Потом каждый занялся своими делами. Юрий снова разложил ватман и продолжил печатать плакатным пером текст заказанной кем-то таблицы. Я сначала составила ведомость на учительскую зарплату, она затруднений не вызвала. Теперь этот проклятый доклад. Обратилась за помощью к печати, бегло просмотрела статьи в журнале "Народное образование" за последние два года. Ничего фундаментального не нашла, только упоминания вскользь. Предметные журналы и "Начальная школа" мне лучше знакомы, поэтому их просмотр не занял много времени. Опять — ничего достойного внимания. Осталась "Учительская газета". Юрий спросил, чего я ищу, может ли он помочь или рожей не вышел. Рассказала о своей беде. Он взял подшивку за прошлый год, я — за нынешний. Снова ничего основательного.

Весь стол завален подшивками газет и журналов.

Обедали за столом в соседнем классе… Было неизъяснимо приятно смотреть, когда он ест. Не торопясь, основательно и так вкусно, будто у него не тот же борщ, не тот же салат из редиски и не тот же урюковый компот, что и у меня. За столом подвели печальные итоги своих поисков. Решили после обеда не расходиться и просмотреть учебники по чтению и литературе. Анализ учебников — дело знакомое, мы этим занимались целый год. Беда в том, что при этом анализе, мы совсем не интересовались формированием личности школьника, нас интересовал только объем программного материала, определенный на данный урок, и степень его усвоения учащимися. Как при этом усвоении формировалась личность школьника, мы упускали. Не до жиру, быть бы живу. К вечеру обоим стало ясно, что ничего "из опыта" придумать не сможем. Но что-то нужно найти для сообщения, иначе попаду под такую головомойку, что мало не покажется. Не помню, кому из нас пришла в голову счастливая мысль построить доклад на основе анализа программ, учебников и методических пособий, в котором выпятить идею, что о чуткости там позабыли. Увлеченно обсуждали эту идею и за ужином. И мамалыгу он ел не торопясь, основательно и вкусно.

Закуривая, сказал:

— Никогда так сладко не ел, никогда так сладко не работал, спасибо, лебедушка, за такой день.
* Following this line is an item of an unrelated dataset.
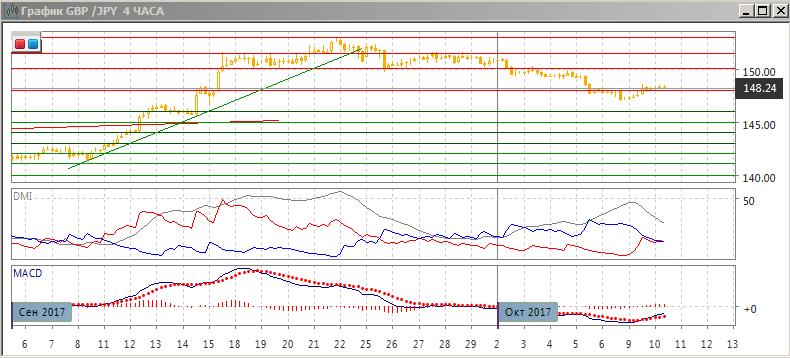 На четырёхчасовом графике отскок вверх приостановился около 148,00 — здесь образуются свечи «дожи». Далее видится два варианта: при закреплении пары выше 148,00 возвращение к следующему уровню сопротивления на 150,00 (минимумы середины-конца сентября, максимума начала октября), или при возвращении пары ниже 148,00 продолжение снижения. Пара находится сейчас около предыдущего относительного максимума, и дальнейшее движение выше нарушило бы последовательность их снижения.

Пойдем, погуляем!

— Пойдем, чуть попозже. Давай подготовимся к завтрашнему дню, тогда будем свободны.

Справились и с этим делом. Он потянулся:

— Если ты всегда так работаешь, тебе нужно не двадцать четыре часа в сутки, а в два раза больше. Один я бы не выдержал, а с тобой, видишь, как огурчик, готов на новые подвиги… Все, пойдем погуляем.
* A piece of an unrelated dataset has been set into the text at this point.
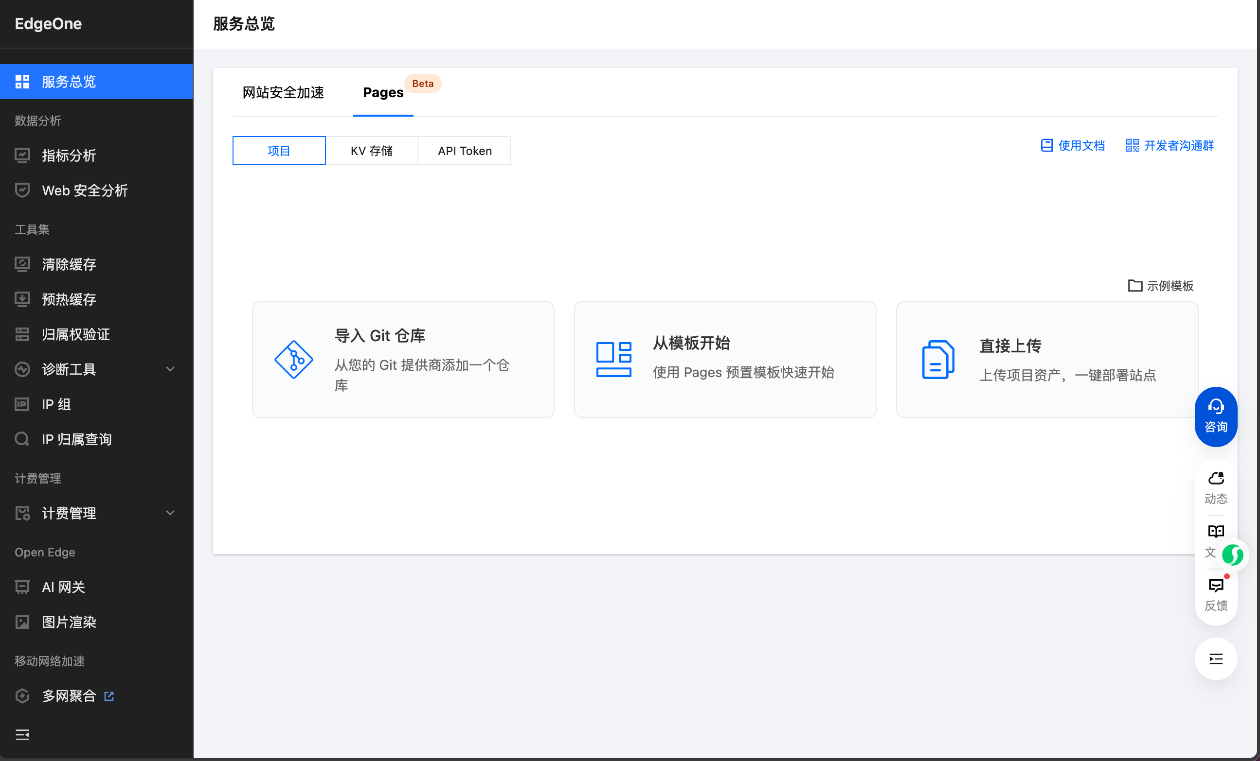 简单来说,EdgeOne Pages就是腾讯云EdgeOne平台提供的一个静态网站托管服务。它能让你把前端项目(比如React、Vue、Next.js、Nuxt.js等构建的静态站点)直接部署到腾讯云的边缘节点上,享受全球加速和安全防护。是不是听起来就有点Vercel那味儿了?

За воротами обнял меня за плечи:

— Знаешь, я сегодня сделал два любопытных открытия. Первое — готовиться к докладу — захватывающее занятие. День пролетел как минута, ни разу не заскучал. И завтра, если позволишь, я приду в конце дня, и мы еще посидим, как сегодня. Или от меня мало толку и ты обойдешься?
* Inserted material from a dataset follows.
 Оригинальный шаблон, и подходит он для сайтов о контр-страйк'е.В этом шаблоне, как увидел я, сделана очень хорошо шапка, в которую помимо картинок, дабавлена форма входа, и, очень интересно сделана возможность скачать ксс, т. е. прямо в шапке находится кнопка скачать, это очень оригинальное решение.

— Не набивай себе цену. Знаешь, что не обойдусь. А что за второе открытие ты сделал?

— Это главное открытие. И ты его тоже сделала. Мы с тобой — образцовая супружеская пара. Нужно быстрее решать, когда по-настоящему станем супругами.

— Опять ты за свое. Ведь ты женат!

— Был. Очень неудачно. Штамп есть, а семьи нет, да и не было вовсе, как оказалось. Ты жена моя от рождения, но я хочу услышать "да".

— Как будто что-то изменится от моего "да" или "нет"! Ты все решил за меня и никакого выбора мне не оставил.

— Права. Выбора у тебя нет. Мы созданы друг для друга, и от этого нам не уйти, не спрятаться…

Он поднял меня на руки. Хотела крутануться, не удалось, держал крепко.

— Нет, лебедушка моя прекрасная, настал мой час! Ради этой минуты я весь день сидел как на раскаленной плите. Никого нет, мы вдвоем, а нельзя… Класс, учительская… твои строгие правила… А тут мои правила. Должен же я наградиться за перенесенные страдания. Вот возьму и вознесу тебя к небесам, привыкай к вознесению, лебедушка моя ясная, как обнять мне хотелось тебя, и святая ты, и прекрасная, ненаглядная радость моя! Видишь, стихами заговорил, так хочу очаровать любимую.

— Давно очаровал. С шестого класса живу очарованная и никак не могу разгадать, почему ты скрываешь, что пишешь стихи?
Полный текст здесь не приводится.